» EXERCISE INPUT:
****************************************

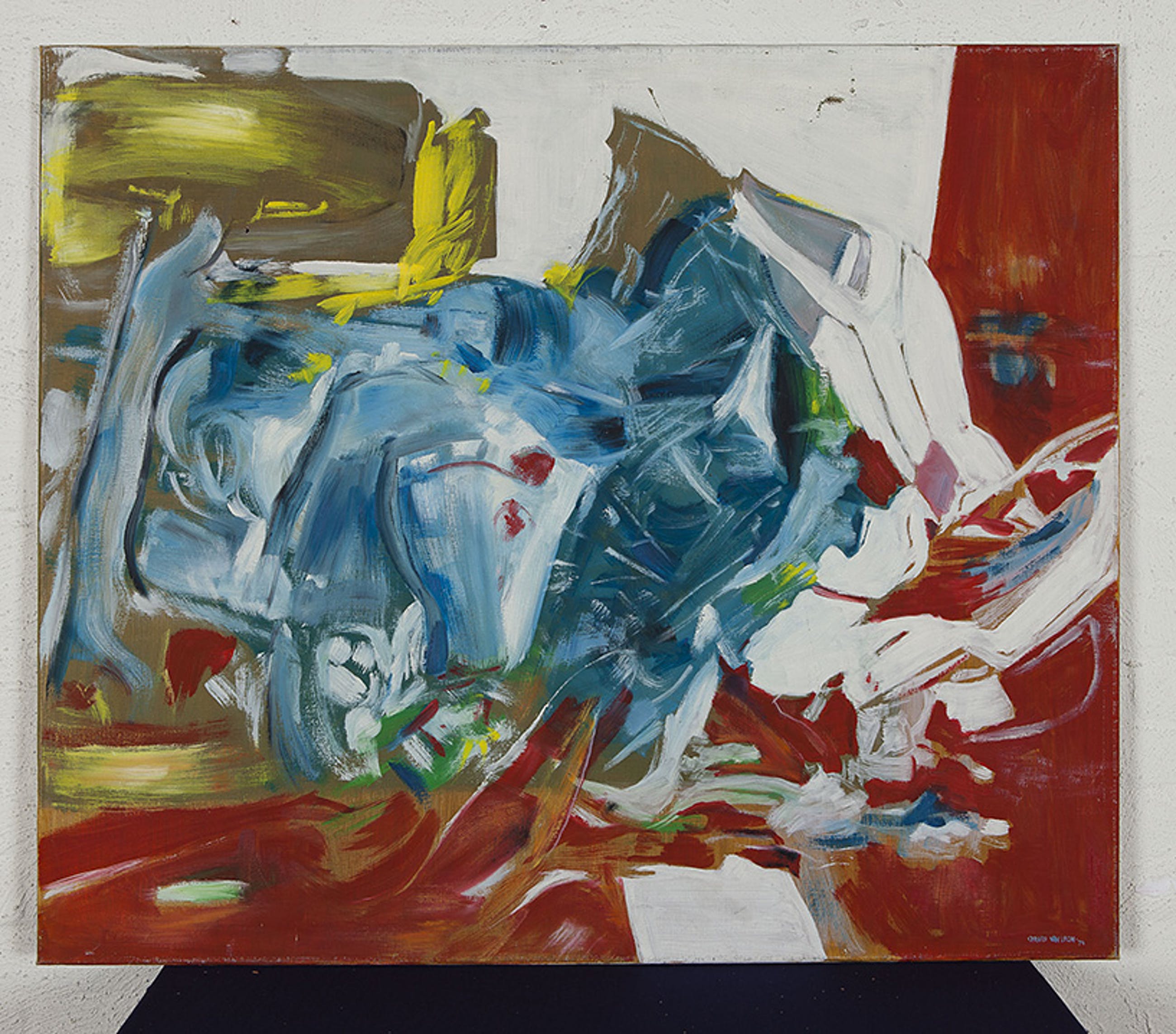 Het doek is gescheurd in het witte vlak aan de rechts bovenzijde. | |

****************************************

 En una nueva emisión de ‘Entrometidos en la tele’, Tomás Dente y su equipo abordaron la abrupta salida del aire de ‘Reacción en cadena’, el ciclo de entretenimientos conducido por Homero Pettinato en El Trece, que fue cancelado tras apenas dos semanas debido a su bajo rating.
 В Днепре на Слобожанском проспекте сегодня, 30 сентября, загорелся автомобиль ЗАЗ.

****************************************

» EXERCISE DIRECTIONS: After locating the line holding "En una nueva" above, output exactly that line and every line after it through the line holding "В Днепре на". Include nothing else.

» SOLUTION:
 En una nueva emisión de ‘Entrometidos en la tele’, Tomás Dente y su equipo abordaron la abrupta salida del aire de ‘Reacción en cadena’, el ciclo de entretenimientos conducido por Homero Pettinato en El Trece, que fue cancelado tras apenas dos semanas debido a su bajo rating.
 В Днепре на Слобожанском проспекте сегодня, 30 сентября, загорелся автомобиль ЗАЗ.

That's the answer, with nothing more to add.